861.24/1286

The Assistant Secretary of State (Acheson) to the Lend-Lease Administrator (Stettinius)

Dear Ed: Replying to your letter of February 6,57 I can tell you only that we have under consideration a draft of a reciprocal lend-lease agreement with China.58 Owing to the complexity of the fiscal and other financial questions involved we have not yet been able to clear this draft with the Army, or the Treasury. The suggestion has not yet been discussed with the Chinese.

Therefore, I see no possibility at the present for a public announcement any more explicit than that I made in my testimony before the Foreign Affairs Committee. You may remember that, in reply to a question as to whether reciprocal lend-lease agreements have been concluded with China and Russia, I told Mr. Mundt59 that it is [Page 747] contemplated that a reciprocal aid agreement will be concluded with one of the countries he named.

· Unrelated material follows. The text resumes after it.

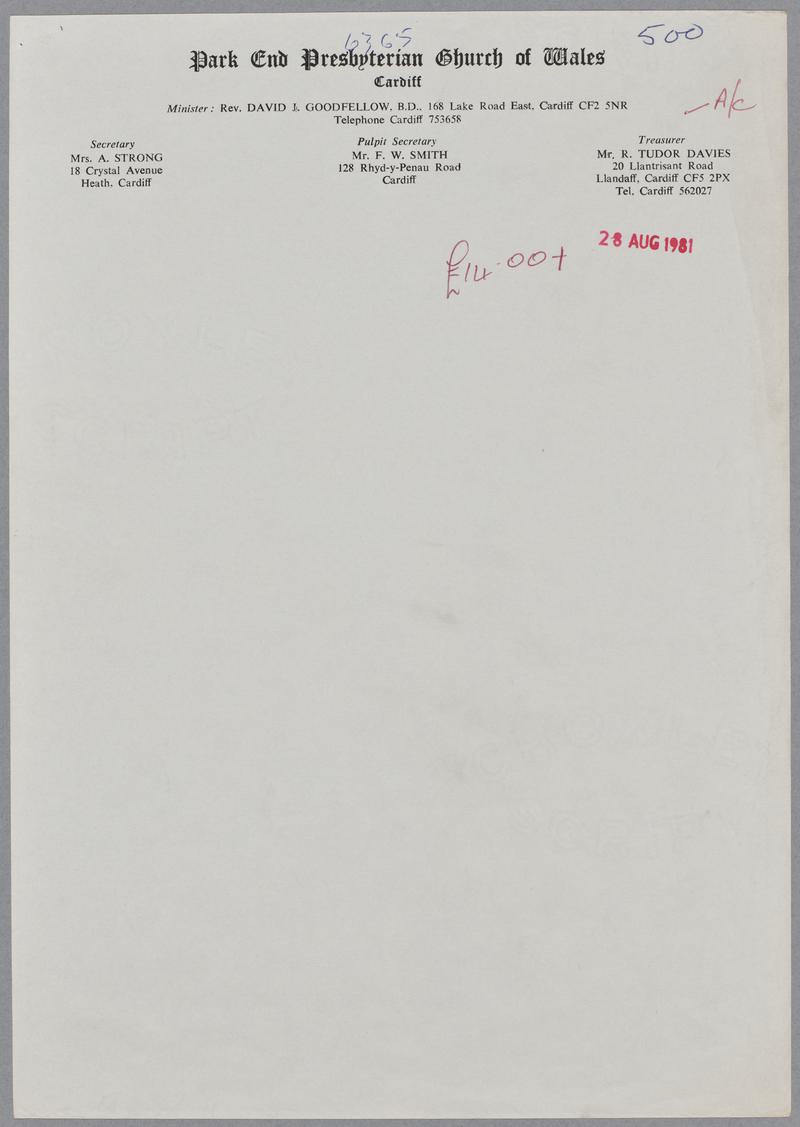 Letterhead 'J. McLaren Builder', Caerphilly. Handwritten order details on the front. Stamped with date 31 March 1980.

So far as the Soviet is concerned, it is my feeling that circumstances are not such as to justify the conclusion of a reciprocal lend-lease agreement at present. No United States forces are serving in the Soviet German front and the Soviet Union is not at war with Japan, so the provisions of the usual reciprocal aid agreement would not be applicable. Strategic materials being furnished by the U.S.S.R. to the United States are covered by contract of September 12, 194160 between Defense Supplies Corporation and Amtorg Trading Corporation,61 and any change in this procedure seems undesirable.

Sincerely yours,

Dean Acheson
  1. Not printed.
  2. Not printed; this draft was the same, except for a few minor changes, as that handed to the Chinese Minister for Foreign Affairs on May 15; see Foreign Relations, 1943, China, p. 538.
  3. Karl E. Mundt, Representative in Congress from South Dakota.
  4. Not printed.
  5. Official purchasing and sales agency of the Soviet Union in the United States, New York, N.Y.